On March 18, 2024, the FDA issued warning letters that describe violations related to the sale and distribution of unauthorized plastic syringes made in China that have not been cleared or approved by the FDA for sale or distribution in the U.S. to three companies: Jiangsu Shenli Medical Production, Medline Industries and Sol-Millenium Medical.
Medline — the fourth-largest medical device company in the world, according to our 2023 Big 100 list — markets and distributes plastic syringes made in China within the U.S.
Outlining the alleged FDA violations at Medline
The FDA’s warning letter identified violations related to quality system regulations for syringe products. The FDA expects the companies, including Medline to fully address the violations described in the warning letters.
According to the letter, the FDA carried out an investigation of Medline’s Northfield, Illinois, facility between Dec. 11, 2023, and Jan. 22, 2024. The letter alleges that multiple syringes are adulterated because Medline and Jiangsu Shenli do not have an approved application for premarket approval (PMA) or an approved application for an investigational device exemption (IDE). The FDA also says the company misbranded the devices by not notifying the agency of its intent to introduce the devices into commercial distribution.
Additionally, the FDA identified quality issues that could lead to “serious patient harm.” Its investigation revealed “multiple customer complaints regarding quality issues.” That includes cracks and breakage during use for the syringes in the Medline surgical kits.

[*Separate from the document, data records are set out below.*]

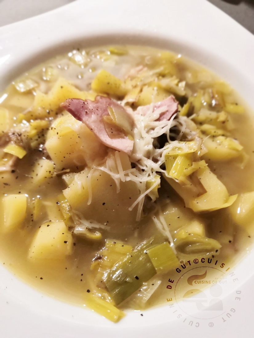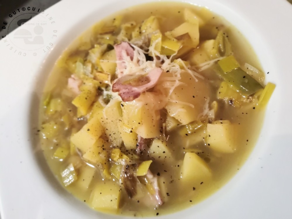 Aujourd’hui je vous propose un potage. Bien qu’il ne fasse toujours pas très froid chez moi ça aide bien lorsque l’on ne sait pas trop quoi faire à manger le soir ou lorsque l’on a fait un repas un peu copieux le midi. Pour une fois ce c’est pas un velouté puisque les morceaux sont gardés dans le potage. On a même pas besoin de mixer. Un vrai gain de temps et de vaisselle !! Les ingrédients sont plus que basiques puisqu’il s’agit d’une soupe de pommes de terre et poireaux, mais pas comme on la fait souvent puisque je fais d’abord revenir mes poireaux et mes pommes de terre dans une sauteuse avec du beurre. C’est une soupe que je fais depuis très très longtemps et même si depuis j’ai fait un nombre de potages variés c’est un des meilleurs potages que j’ai fais.
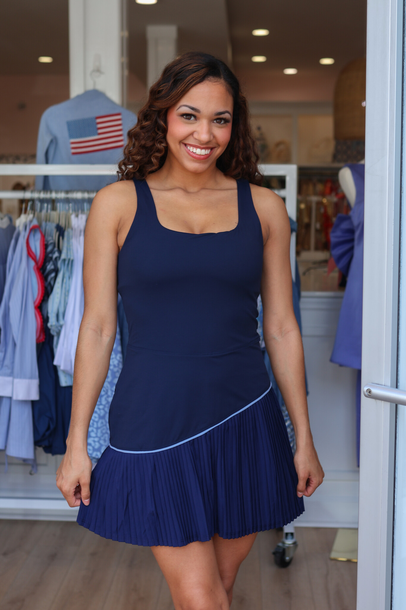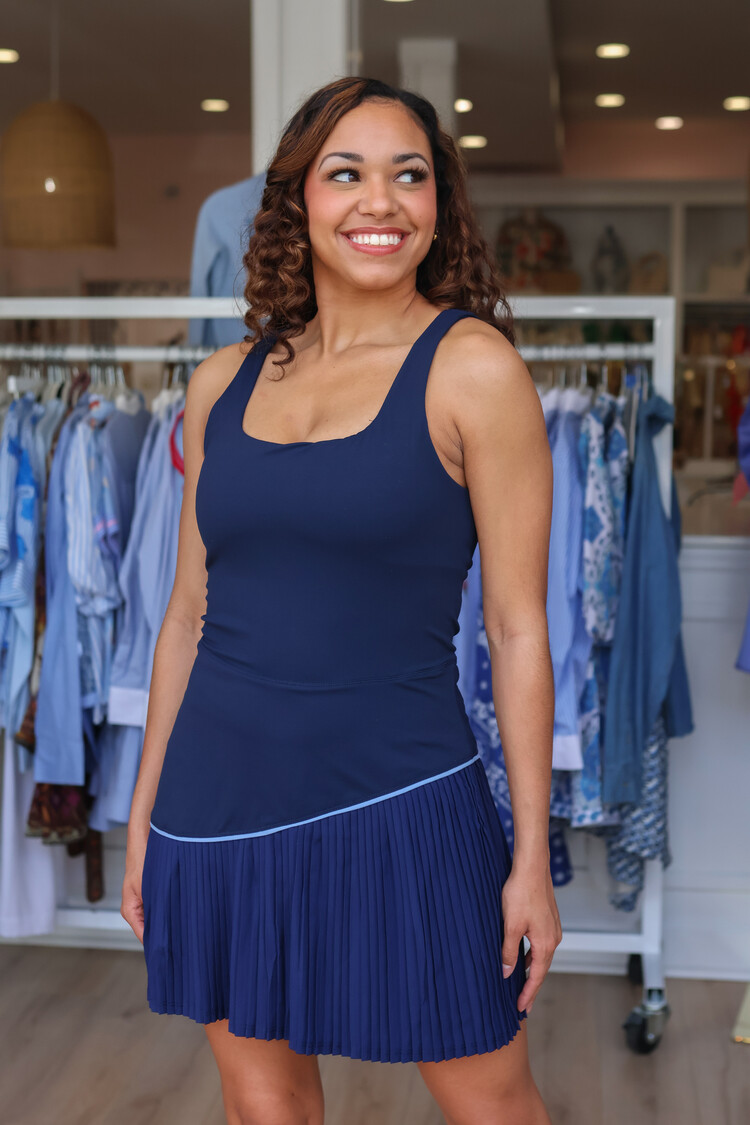 The design features a figure-hugging smocked bodice which provides excellent stretch and a perfect fit through the bust and waist. Short sleeves offer comfortable coverage, while the midi dress length creates an elegant, flowy hemline.
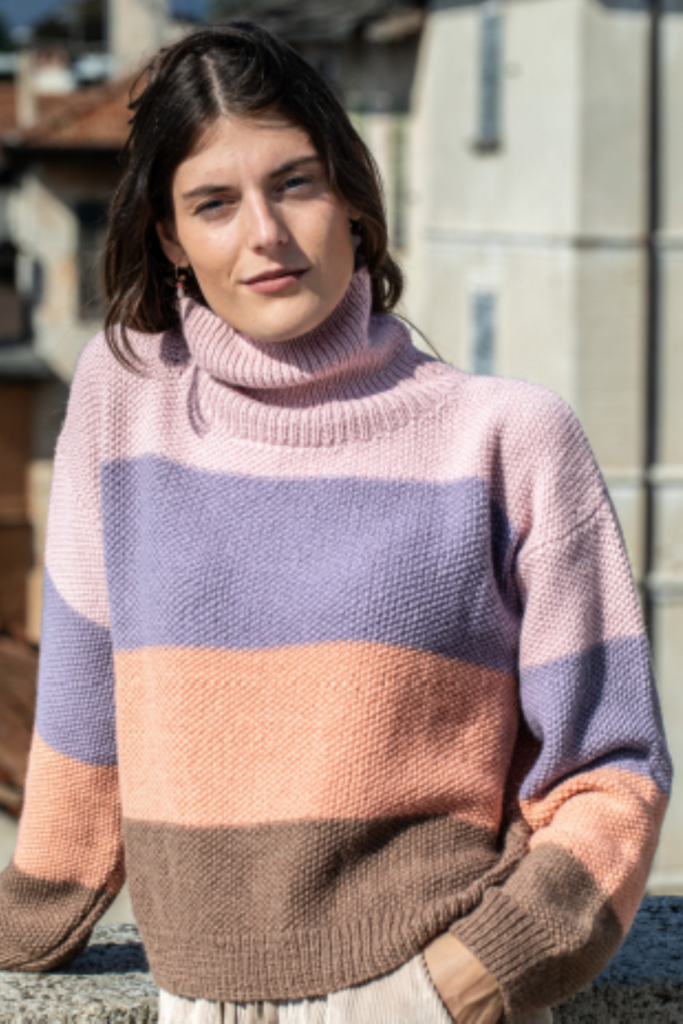 Un mix delicato di colori per questo capo in Baby Alpaca, dalla vestibilità perfetta e dal sapore sofisticato e chic.
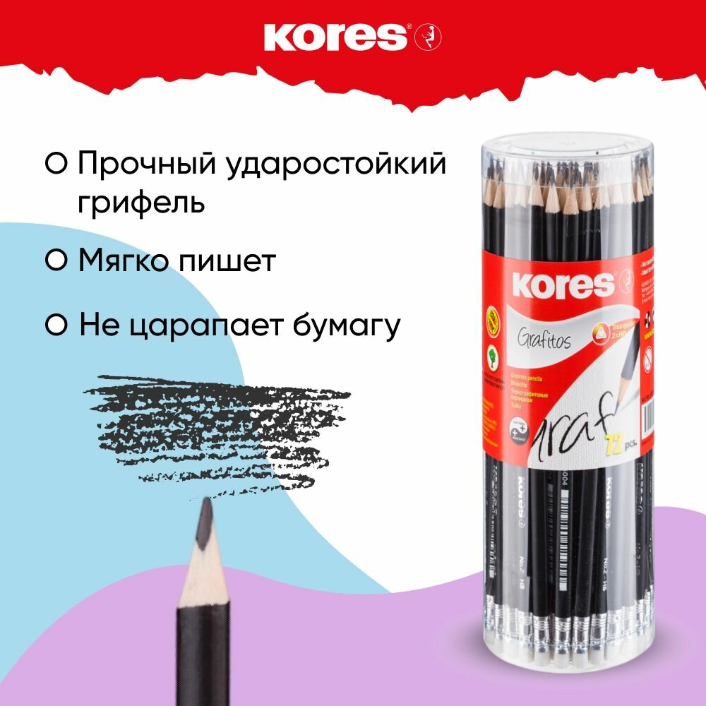 Kores Набор чернографитных карандашей HB заточенные с ластиком 72 шт.
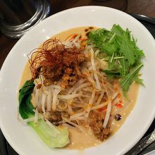 坦々麺というと、シビレ+辛さを求めていましたが、こちらのお味は想像していたよりアッサリです。もう少し刺激が欲しい時はラー油をガッツリいれると辛さ倍増です。
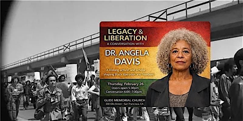 Join us for Black History Month: Legacy and Liberation- A Conversation with Angela Davis happening at Glide Memorial Church on February 26th, 2026 at 6:00 PM . Join us for an insightful discussion with the legendary Angela Davis as we delve into the rich history and ongoing struggles for Black liberation. This event promises to be a powerful exploration of her legacy, past and present, and the future of the Black community.

It includes syringes supplied by Jiangsu that Medline failed to properly investigate, the FDA said.
According to the FDA, a response from Medline dated Feb. 12, 2024, proved inadequate.
“Your firm’s failure to ensure the syringes you are including in convenience kits, importing, and commercially distributing in the United States have 510(k) clearance has prevented FDA from evaluating the risks posed by these substantially different technological characteristics or from determining that there is reasonable assurance of the safety and effectiveness of these modified devices such that they may be legally marketed syringes,” the FDA wrote.